There’s more to remembering than the recollecting, sorting and storing of experiences or emotions. In Pastor Julie’s recounting, “remembering” marks a memory as significant—how it fits into the larger scheme of life. People who remember—including those of us who have a lot of noteworthy life-events to recall—are stewards of meaning.
When “Go tell!” gets added to “remember”, we can determine what’s next. By our telling—especially about spiritual matters—we are carriers of holy truth that compels us beyond our alleluias towards attitudes and actions that are part of God’s grace, part of whatever is good about the Good News.
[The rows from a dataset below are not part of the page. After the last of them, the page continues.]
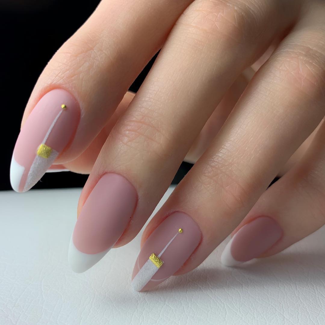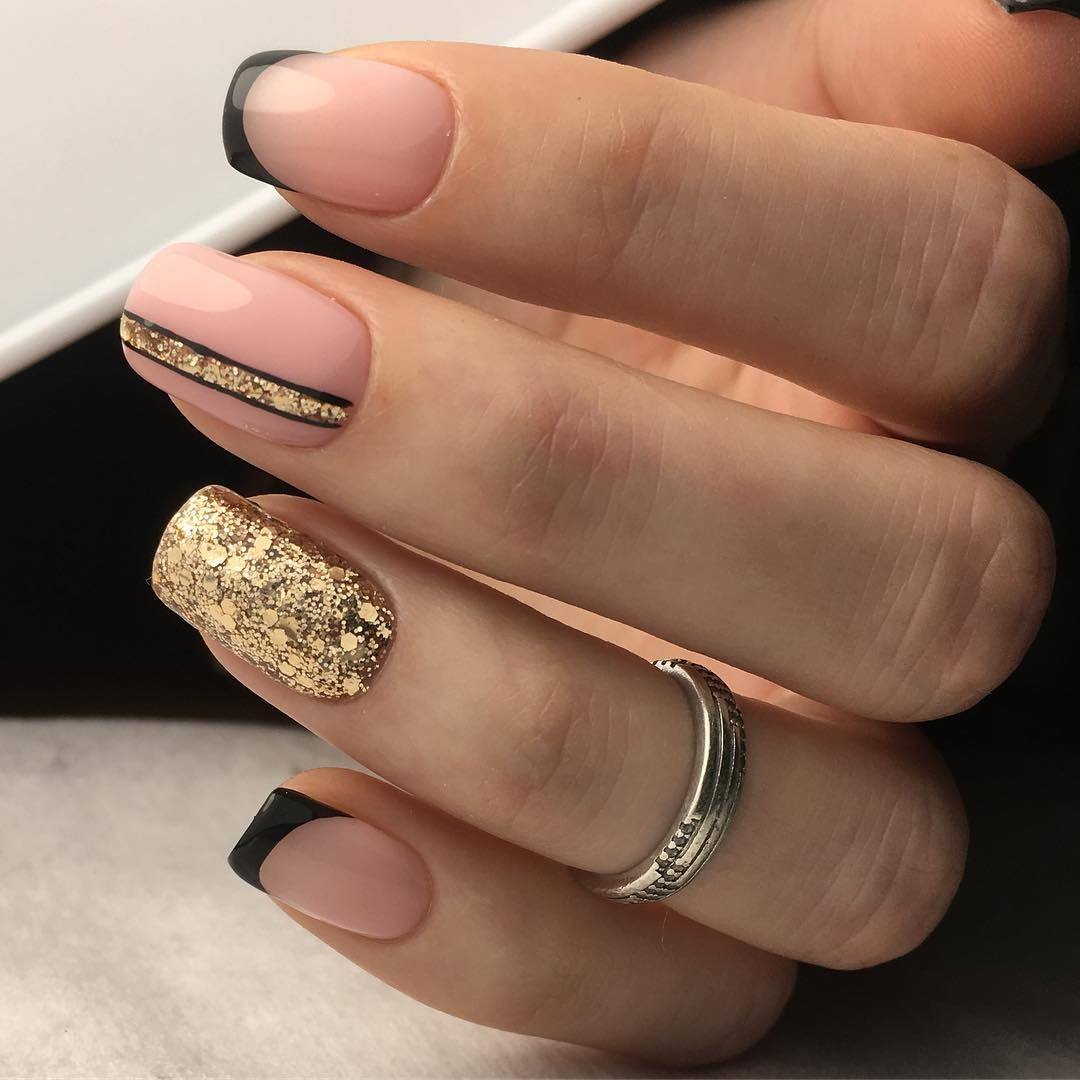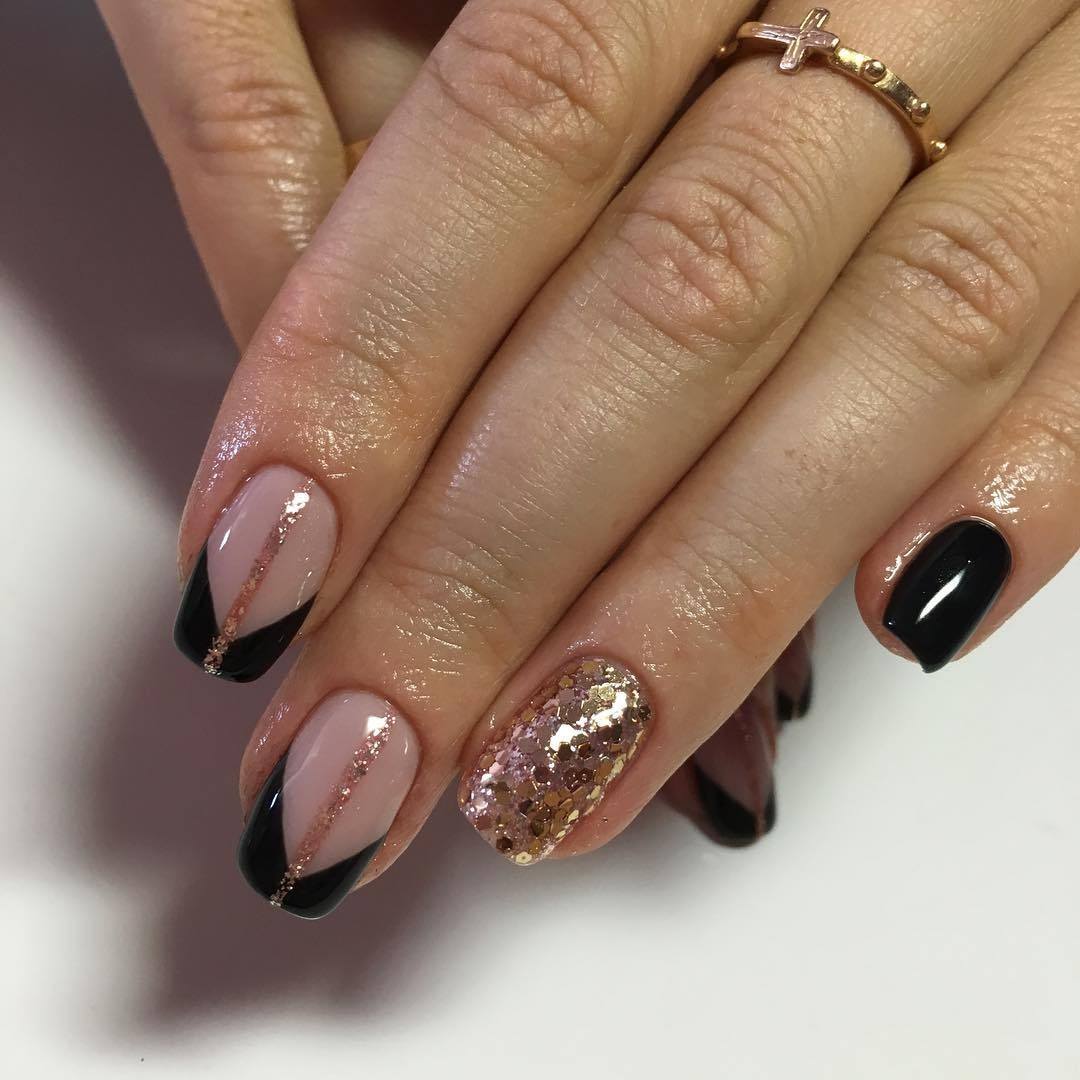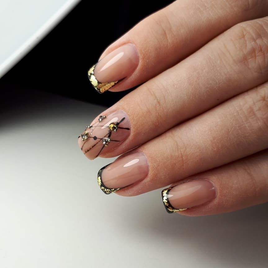 Французский маникюр нередко сочетают с геометрическим дизайном. В таком случае главным преимущественно является черный цвет. Непосредственно рисунок также может быть выполнен в данном оттенке. Золотой цвет чаще используется только в качестве акцента на ноготках, где нанесен дизайн. Благодаря такому сочетанию маникюр получается сдержанным, но при этом ярким.
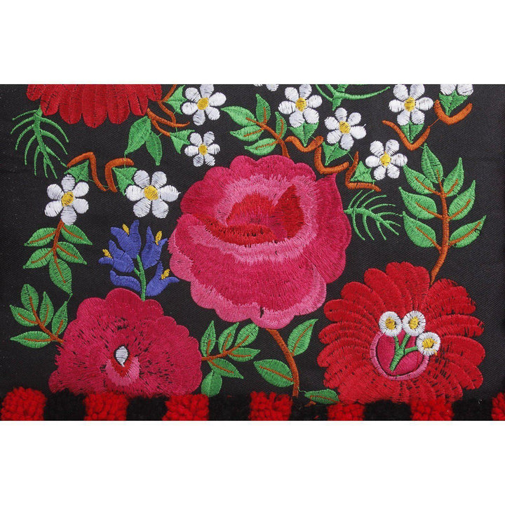 A boho-chic women's wristlet, sustainably made by Thai women Artisans that features an embroidered pattern black cotton lining, adorned with black-red handmade pom poms.
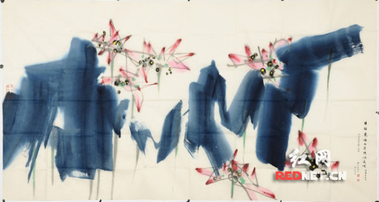 這幅16平尺的彩墨作品簡潔、大氣的用墨之中,蘊含著“月照洞庭波”的意境,體現了黃永玉高超的繪畫技巧。黃永玉自稱,從題材到手法都是以前沒有過的。
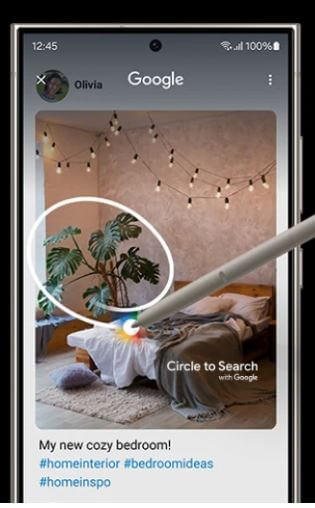 새로운 검색방법, 서클 투 서치를 소개합니다. 소셜 네트워크나 웹 페이지를 스크롤하다가 궁금한 것이 생기면 S펜이나 손가락을 사용해 동그라미를 쳐보세요. 즉시 Google 검색 결과가 나옵니다.
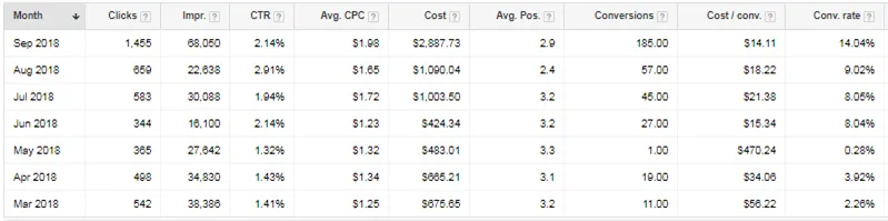 We started the initial campaigns in March 2018. In that initial month, we spent $675.65 and only gained 11 leads at a cost of $56.22. After two months, we hit a snag with tracking in May 2018 due to a change in lead management software. After overcoming the challenge, we were back on track getting sub-$20 leads for 3 of the last 4 months of the campaign. In addition, we were able to scale leads to 185 while still maintaining sub-$20 leads ($14.11).
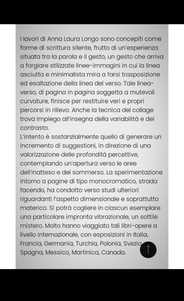 In seguito all’impatto con la nitidezza della pagina d’avvio, di natura testuale, il fruitore noterà che il processo di lettura potrà essere necessariamente – e avventurosamente- silente. Questo passaggio, assimilabile a una modulazione sonora, tenderà a includere una sorta di ammutolimento, generato dalla scomparsa tangibile della parola stessa, da un suo riassorbimento, in vista di un potenziamento dell’aspetto “magico-visivo”, per una liberazione dell’elemento curvilineo, emblematico di una nuova energia di versificazione. Sarà questa una morbida transizione, un fatto metamorfico e assertivo, che condurrà inevitabilmente verso un’esperienza di lettura “altra”. Lo sguardo, la mano, il respiro, il tempo di assorbimento saranno protagonisti. Anna Laura Longo
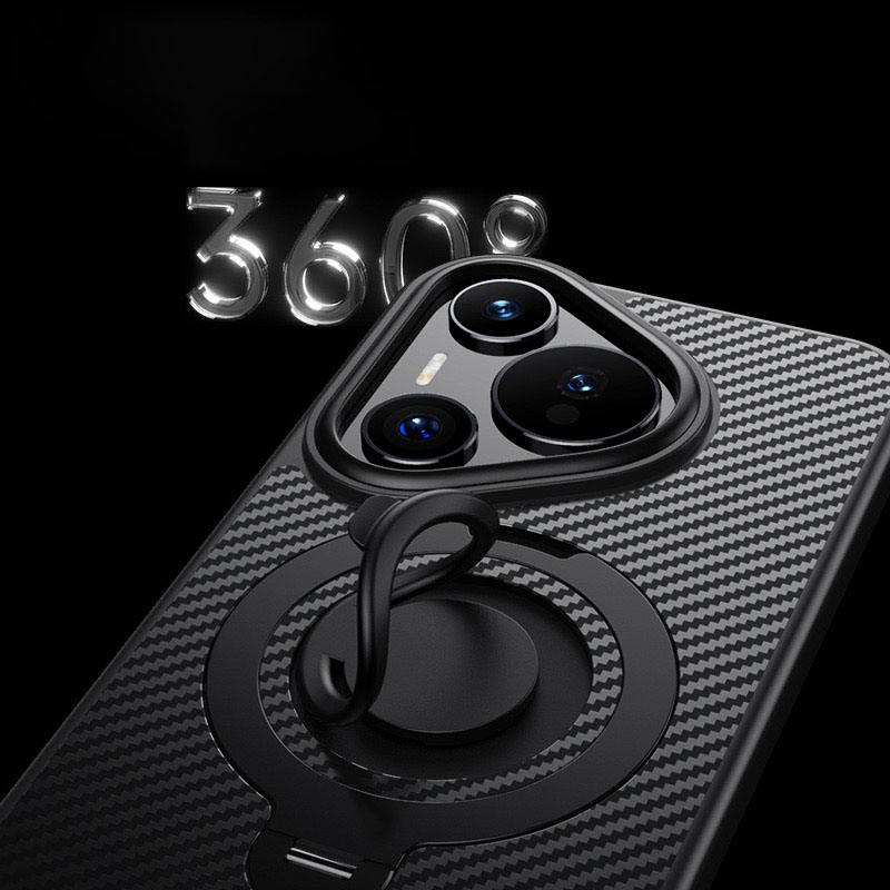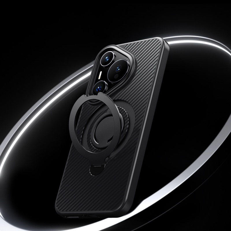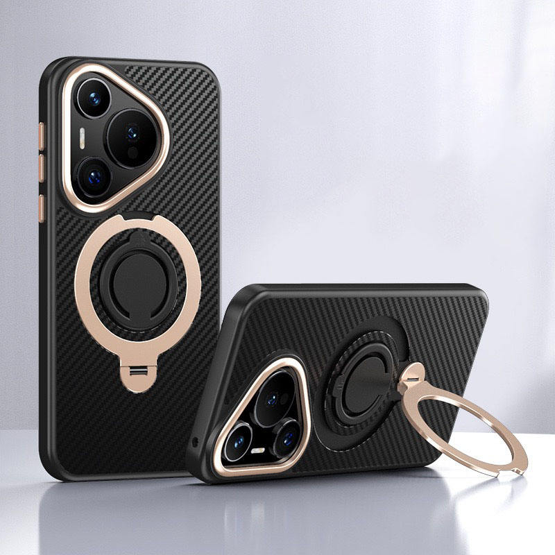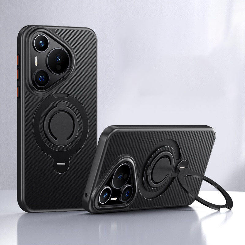 Newest for Huawei P70 Pro+ Kickstand Case 360° Rotating Magnetic Ring Carbon Fiber Style TPU Phone Cover for Huawei Pura 70
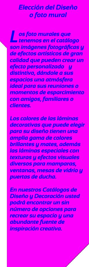 Diseñamos, imprimimos e instalamos imágenes de calidad para decorar salas, habitaciones personales, salones de reunión, lobby`s, recepciones en casas u oficinas, stands de exposiciones, publicidad interior y exterior. Contamos con un banco de variadas imágenes.
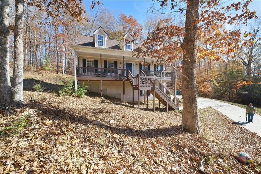 Very well-maintained cape cod with a full front porch in a private wooded setting. Excellent location just off 400 North highway at Whelchel Road. Easy travel to the Dawsonville Outlet Mall, the shops at Helen, public access to Chestatee River (kayaking, fishing), and an easy walk down to Lake Lanier. Will be convenient to new Lumpkin Hospital being built. First floor offers an open concept with a cozy fireplace, large kitchen (granite counters, stainless steel appliances, white cabinets), breakfast room, dining room, master bedroom, laundry, half bathroom, and door to the huge wood deck perfect for watching wildlife, entertaining, and grilling. Upstairs has 2 spacious bedrooms and a full bathroom. Finished basement level can also be a live-in suite ready for a kitchenette, with a full bathroom, bedroom, laundry, bonus room, private entry, and a family room. This beauty has beautiful har...
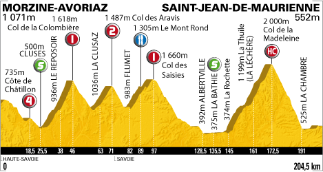 La etapa siguiente, con casi 130 km camino de La Plagne (19ª), tiene una estructura muy similar aunque siendo más corta, incluyendo el Col des Saisies por Hery sur Ugine, marcado como 2 puertos, y Cormet de Roselend por Col du Pré, también «dividido» en 2, destacando el duro final de Pré, antes del peligroso descenso de Roselend y la subida final a La Plagne, sin rampas extremas pero muy constante, para un total de 19 km al 7,2%, pudiendo hacer mucho daño si hay buen ritmo desde la base, como en la escabechina de Indurain en 1995 -> vídeo, persiguiendo a un gran Zulle. No obstante, habiendo ya otros 4 HC finales, habría sido más lógico un final tras descenso o subida más tendida.
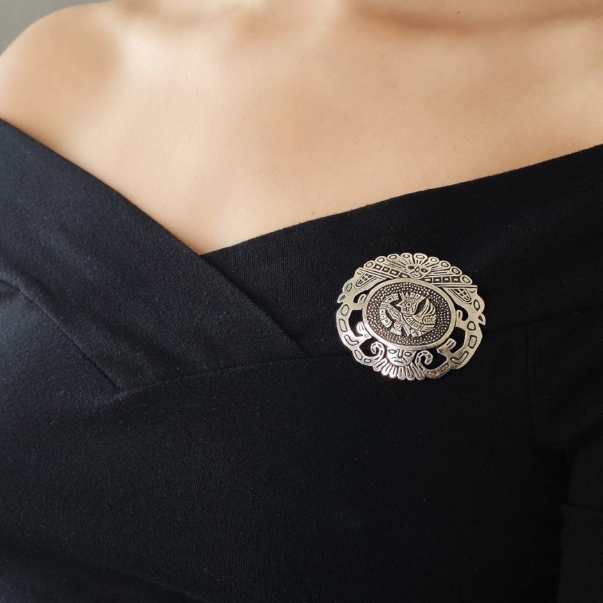 Broșă - pandant statement peruviană Inca Revival din argint decorat cu motive iconografie precolumbiene.
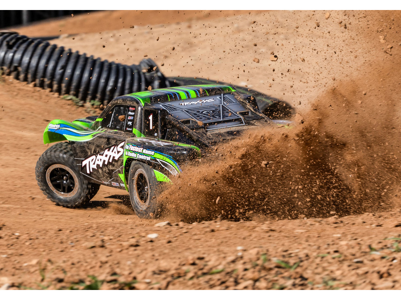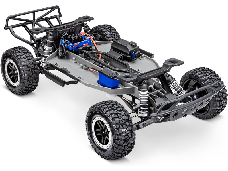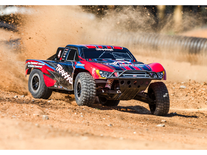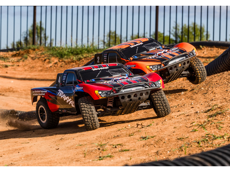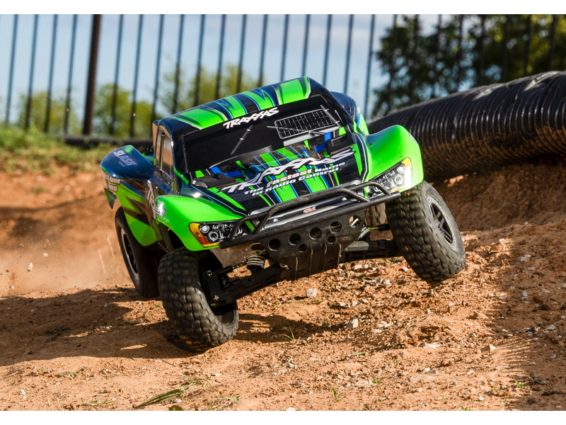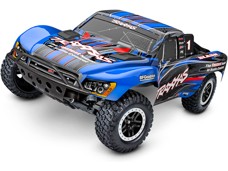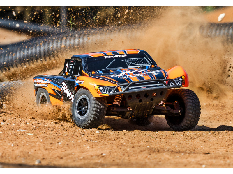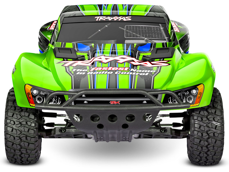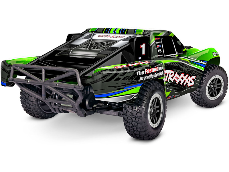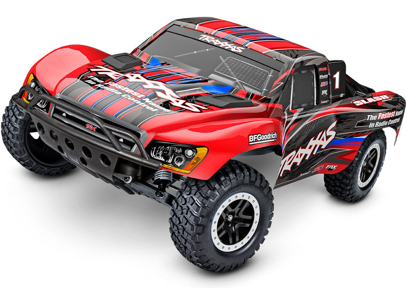 Traxxas Slash je výkonný RC model auta s pohonem zadních kol 2WD, který dosahuje maximální rychlosti až 48 km/h. Kompletně sestavený model pohání výkonný střídavý motor ve spojení s regulátorem BL-2S. RC souprava Traxxas TQ 2.4 GHz je obsahem balení.

“Remember this” is an invitation or blessing. “Remember and tell” might also be a kind of commissioning mantra for those of us who are older. Because we have all these memories—an amazing blessing of old age—we may be especially well-equipped for handing down the lasting truths of God’s own revelation. Our telling may take the shape of story-telling, appreciative conversations, assuring advice or life maxims. And as we live out the truths we’re telling, we can become examples of resurrection living.
To all my kindred rememberers-and-tellers: Together we comprise a vast company of lively truth-tellers, more powerful and life-giving than we may know.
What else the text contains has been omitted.